**INSTRUCTIONS FOR THE TASK:**
Transcribe word for word the lines below from the line with "Thus, the dynamics" through the line with "It's not always", ends included.

**GIVEN DATA:**
┌──
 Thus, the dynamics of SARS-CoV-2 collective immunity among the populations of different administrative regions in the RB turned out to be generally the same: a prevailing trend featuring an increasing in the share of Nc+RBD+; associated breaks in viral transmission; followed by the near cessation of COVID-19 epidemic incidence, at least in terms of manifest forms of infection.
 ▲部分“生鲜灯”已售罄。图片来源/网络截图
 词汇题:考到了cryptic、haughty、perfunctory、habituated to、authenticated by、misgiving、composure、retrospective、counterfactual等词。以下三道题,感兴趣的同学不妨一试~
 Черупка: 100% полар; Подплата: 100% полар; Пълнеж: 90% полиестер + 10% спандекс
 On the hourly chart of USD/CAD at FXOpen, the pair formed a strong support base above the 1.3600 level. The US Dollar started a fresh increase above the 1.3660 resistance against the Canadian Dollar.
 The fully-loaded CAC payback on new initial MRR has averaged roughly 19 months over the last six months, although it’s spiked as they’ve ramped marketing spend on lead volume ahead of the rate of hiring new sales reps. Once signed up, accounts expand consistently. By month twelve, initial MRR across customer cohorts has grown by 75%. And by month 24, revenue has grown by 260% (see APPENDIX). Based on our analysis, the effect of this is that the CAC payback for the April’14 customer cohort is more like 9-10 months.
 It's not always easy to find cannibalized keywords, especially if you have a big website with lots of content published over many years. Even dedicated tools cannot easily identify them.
└──
┌──
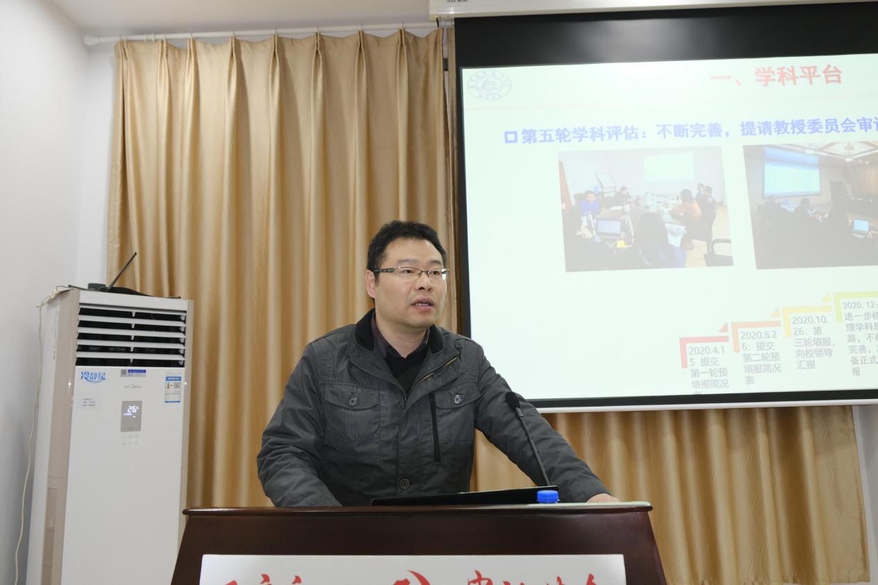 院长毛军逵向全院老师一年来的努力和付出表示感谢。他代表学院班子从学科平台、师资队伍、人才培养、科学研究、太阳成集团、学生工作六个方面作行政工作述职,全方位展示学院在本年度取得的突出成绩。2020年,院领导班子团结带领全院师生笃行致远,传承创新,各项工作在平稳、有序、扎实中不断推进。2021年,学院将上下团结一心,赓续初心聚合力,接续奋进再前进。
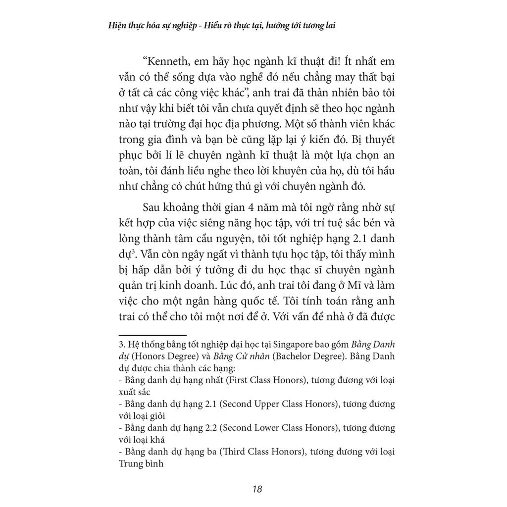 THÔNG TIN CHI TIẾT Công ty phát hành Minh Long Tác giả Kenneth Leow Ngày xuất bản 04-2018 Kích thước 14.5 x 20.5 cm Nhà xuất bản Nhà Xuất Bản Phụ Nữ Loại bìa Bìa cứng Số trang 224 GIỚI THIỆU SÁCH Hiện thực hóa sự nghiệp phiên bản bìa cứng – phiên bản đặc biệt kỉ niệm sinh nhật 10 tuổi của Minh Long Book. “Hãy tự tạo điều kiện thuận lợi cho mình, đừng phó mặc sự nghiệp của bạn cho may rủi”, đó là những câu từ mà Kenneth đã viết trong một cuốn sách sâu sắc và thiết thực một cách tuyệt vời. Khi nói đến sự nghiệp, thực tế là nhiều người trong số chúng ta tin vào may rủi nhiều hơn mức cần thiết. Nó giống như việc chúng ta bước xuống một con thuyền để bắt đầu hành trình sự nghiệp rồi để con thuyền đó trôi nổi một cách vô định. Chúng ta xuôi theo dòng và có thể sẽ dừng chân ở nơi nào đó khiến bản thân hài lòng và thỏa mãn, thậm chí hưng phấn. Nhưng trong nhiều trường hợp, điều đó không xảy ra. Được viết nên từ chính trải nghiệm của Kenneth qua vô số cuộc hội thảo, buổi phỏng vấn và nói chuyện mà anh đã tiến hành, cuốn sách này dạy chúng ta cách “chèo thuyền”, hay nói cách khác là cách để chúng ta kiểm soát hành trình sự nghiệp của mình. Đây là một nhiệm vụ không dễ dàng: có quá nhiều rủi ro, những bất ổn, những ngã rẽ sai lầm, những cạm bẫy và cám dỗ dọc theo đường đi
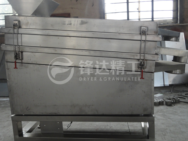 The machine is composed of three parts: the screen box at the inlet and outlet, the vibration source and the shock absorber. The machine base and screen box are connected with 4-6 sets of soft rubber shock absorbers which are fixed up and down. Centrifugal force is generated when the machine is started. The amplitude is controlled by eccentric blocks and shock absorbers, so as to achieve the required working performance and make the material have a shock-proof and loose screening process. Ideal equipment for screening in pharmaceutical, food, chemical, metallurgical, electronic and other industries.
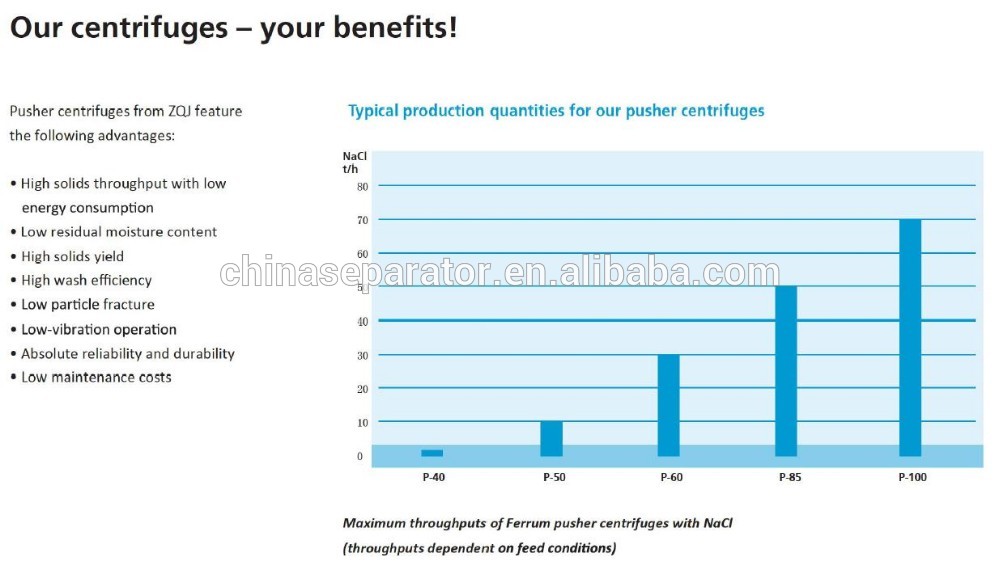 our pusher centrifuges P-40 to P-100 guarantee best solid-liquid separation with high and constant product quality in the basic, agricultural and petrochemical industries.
└──
**EXERCISE OUTPUT:**
 Thus, the dynamics of SARS-CoV-2 collective immunity among the populations of different administrative regions in the RB turned out to be generally the same: a prevailing trend featuring an increasing in the share of Nc+RBD+; associated breaks in viral transmission; followed by the near cessation of COVID-19 epidemic incidence, at least in terms of manifest forms of infection.
 ▲部分“生鲜灯”已售罄。图片来源/网络截图
 词汇题:考到了cryptic、haughty、perfunctory、habituated to、authenticated by、misgiving、composure、retrospective、counterfactual等词。以下三道题,感兴趣的同学不妨一试~
 Черупка: 100% полар; Подплата: 100% полар; Пълнеж: 90% полиестер + 10% спандекс
 On the hourly chart of USD/CAD at FXOpen, the pair formed a strong support base above the 1.3600 level. The US Dollar started a fresh increase above the 1.3660 resistance against the Canadian Dollar.
 The fully-loaded CAC payback on new initial MRR has averaged roughly 19 months over the last six months, although it’s spiked as they’ve ramped marketing spend on lead volume ahead of the rate of hiring new sales reps. Once signed up, accounts expand consistently. By month twelve, initial MRR across customer cohorts has grown by 75%. And by month 24, revenue has grown by 260% (see APPENDIX). Based on our analysis, the effect of this is that the CAC payback for the April’14 customer cohort is more like 9-10 months.
 It's not always easy to find cannibalized keywords, especially if you have a big website with lots of content published over many years. Even dedicated tools cannot easily identify them.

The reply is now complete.